The two were released on bail last month, required to remain in Conakry while awaiting trial.
Both the US and Guinea have strong incentive to take a low-key approach to the situation, according to Franklin Nossiter, an analyst at the Crisis Group focused on the Sahel.
Schlenker told Semafor that he thinks Guinea’s sought-after mineral resources “are weighing in on this situation,” prompting some of the light-touch US approach.
Guinea contains some of the world’s largest deposits of bauxite and iron ore, and the Trump administration has actively cultivated Conakry as a partner during a wider push to secure African mineral resources.
The two governments recently signed a bilateral critical minerals framework and are discussing a proposed railway from Guinean iron mines to the Liberian coast.
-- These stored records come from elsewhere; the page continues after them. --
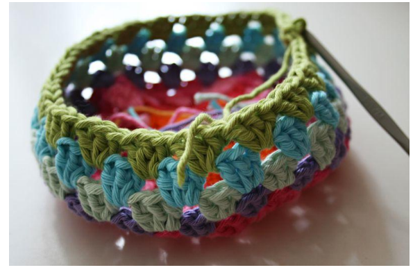
Another round, now with light green.

another round of 1 set of 3 dc's in each open chain-1 space all around. Chain 1 and move to the next space. Join with a slipstitch.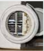
Swimming pool filter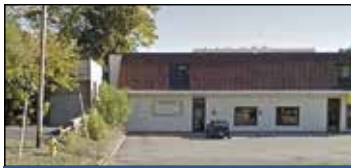
420 Whitehall Road N. Muskegon | $12 PER SQFT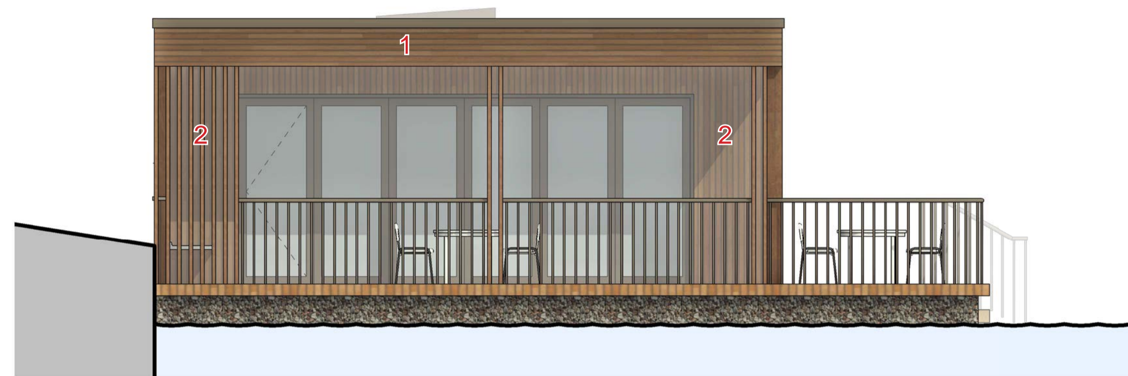
2 ELEVATION - EAST 1:50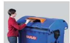
paper hood on top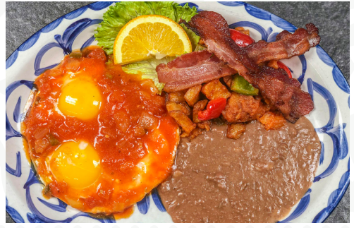
Two fried eggs on a fried corn tortilla topped with salsa ranchera. Served with refried beans, potato tips and Mexican sausage (Chorizo) or bacon. 10.99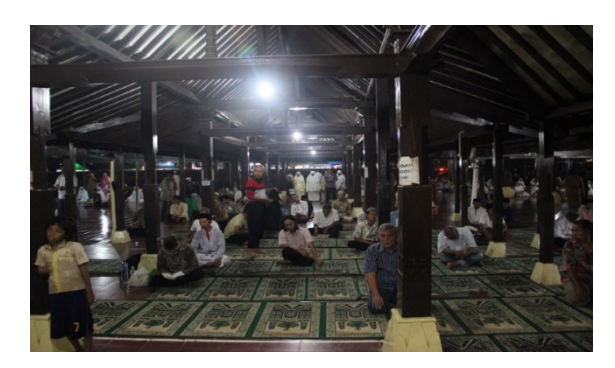
Figure 1. Muludan event visitors (panjang jimat) in Keraton Kasepuhan. Waiting for a panjang jimat ceremony in Sang Cipta Rasa Mosque.

The palaces in Cirebon have a history related to the spread of Islam in the western part of Java. The image of Sunan Gunung Jati as the spreader of Islam and the king of the Cirebon Sultanate is still inherent in the minds of the people today. His figure as a holy man and bringing the blessings of life to the ummah is still inherent in the people of Cirebon. The existence of evidence such as tombs, buildings, kings and their descendants made the figure of Sunan Gunung Jati continue to live in the Cirebon Palace until now.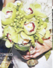
EACH BRIDESMAID CARRIED A PERSONALIZED BOUQUET.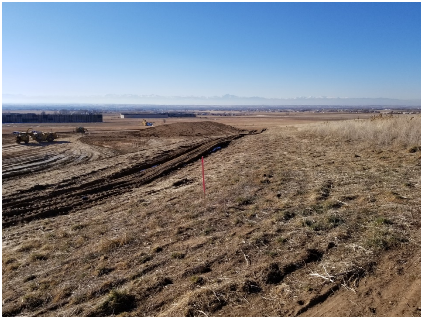
Photo 5. Photo taken from northeastern perimeter of the location, facing West. See comments from Photo 1.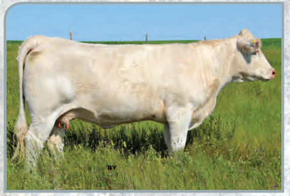
KLR 70X - Dam of KLR 125D

The buyer is guaranteed six (6) embryos, with the option to buy any/all embryos over the six (6) at the same price per embryo as this sale price. Any unpurchased embryos will be the property of Elder Charolais Farm.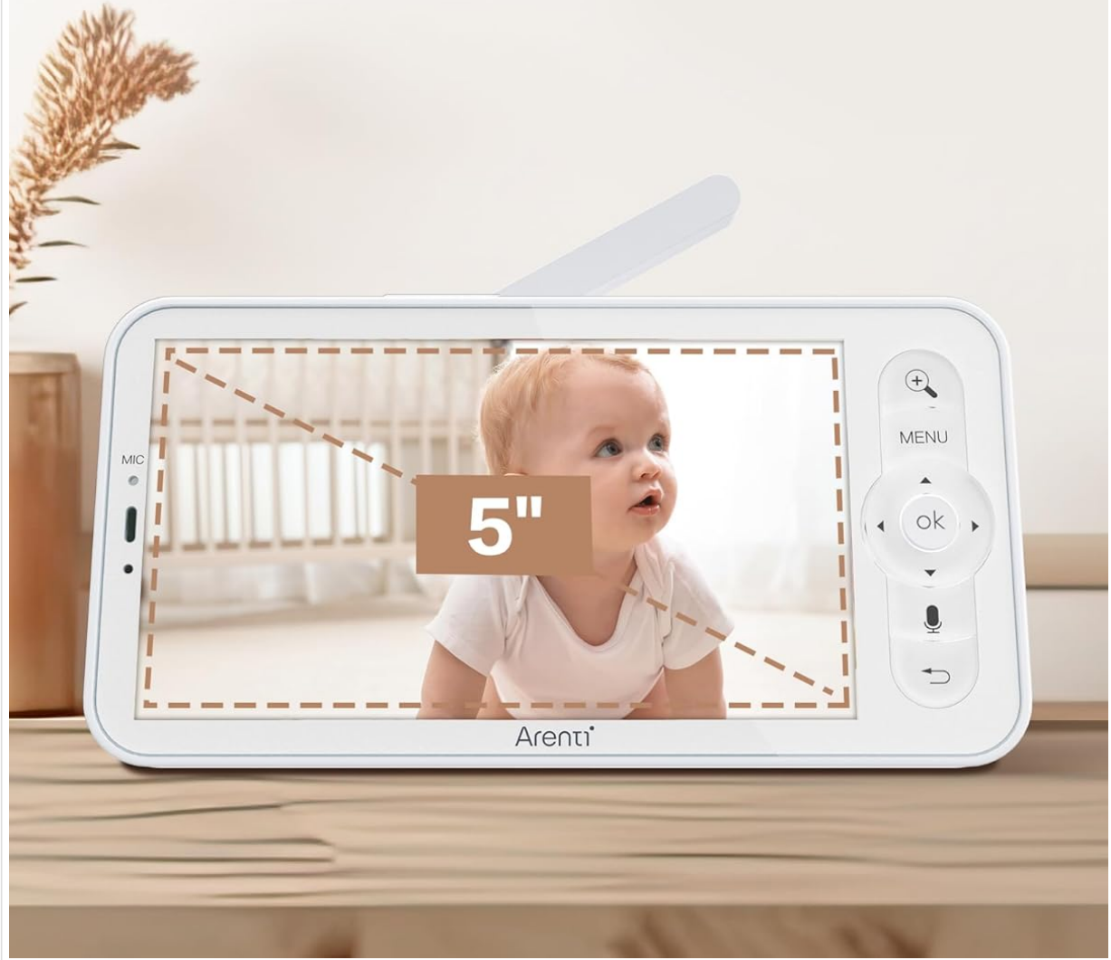
Image: The 5-inch LCD screen of the ARENTI B2 Baby Monitor, highlighting its size for detailed viewing.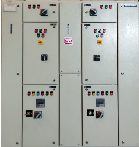
Pump House Control Panel

Stesalit Systems is engaged in manufacturing and supplying of a wide range of Electrical and Instrument Control Panels, which is widely used across different industries for a variety of applications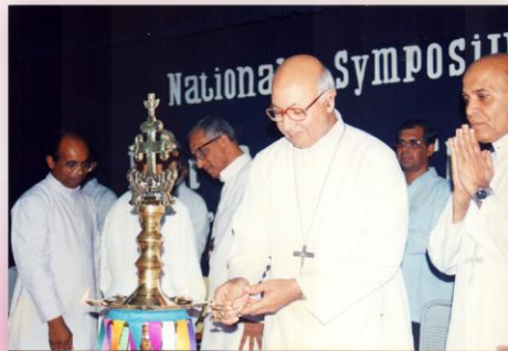
Inauguration of the symposium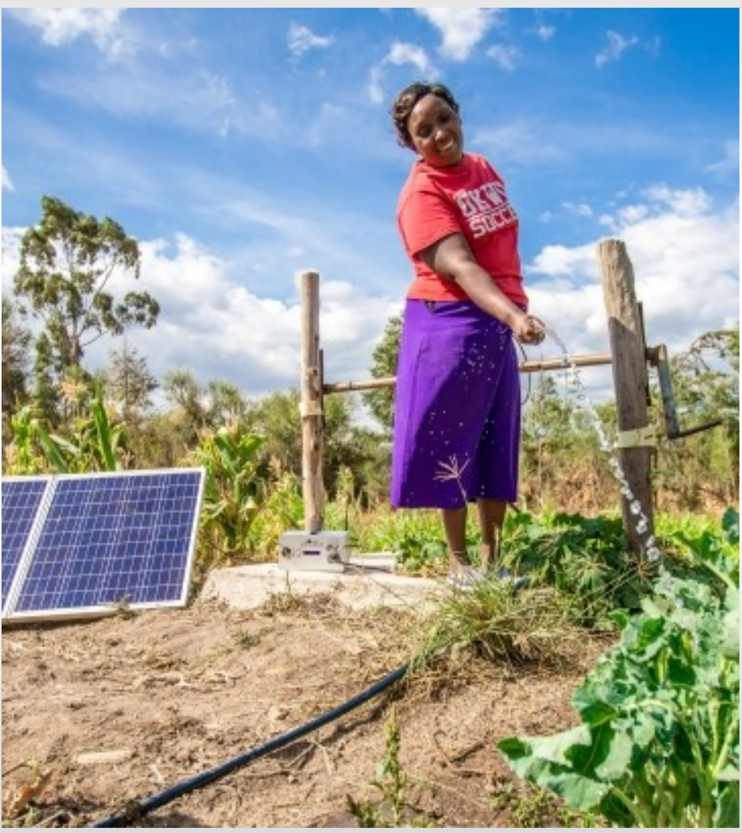
www.sahelcp.com | www.sahelconsult.com | www.nourishingafrica.com

private sector players such as processors, farmers, and input providers adopt climate-smart practices in their activities to reduce greenhouse gas emissions. Research institutes, with financial support from NGOs and development partners, may also develop new innovative technologies powered by renewable energy sources or new and affordable electricity production systems.

That project is backed by Ivanhoe Atlantic — a group that includes several former Trump administration Africa officials — which has promoted it as an American-aligned alternative to the China-backed Simandou rail project.
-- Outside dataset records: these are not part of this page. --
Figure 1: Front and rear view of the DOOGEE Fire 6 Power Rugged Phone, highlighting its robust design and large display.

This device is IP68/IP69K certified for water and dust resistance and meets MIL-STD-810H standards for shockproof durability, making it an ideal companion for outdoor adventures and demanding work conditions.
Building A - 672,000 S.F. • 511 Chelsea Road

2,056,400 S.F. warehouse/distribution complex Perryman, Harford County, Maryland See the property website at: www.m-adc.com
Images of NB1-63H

Nossiter said Guinea is also sensitive to the possibility that the pilots’ case could get amplified publicly by anti-Western nationalists in the country who might frame it as a sovereignty violation at a moment when Conakry is already wary of internal dissent.
Unlike Mali or Burkina Faso, Guinea under President Mamady Doumbouya — who has led the nation since the 2021 coup — did not break sharply with the West, and has tried to navigate what Nossiter called a “middle path” that balances Washington, Beijing, Paris, and Moscow.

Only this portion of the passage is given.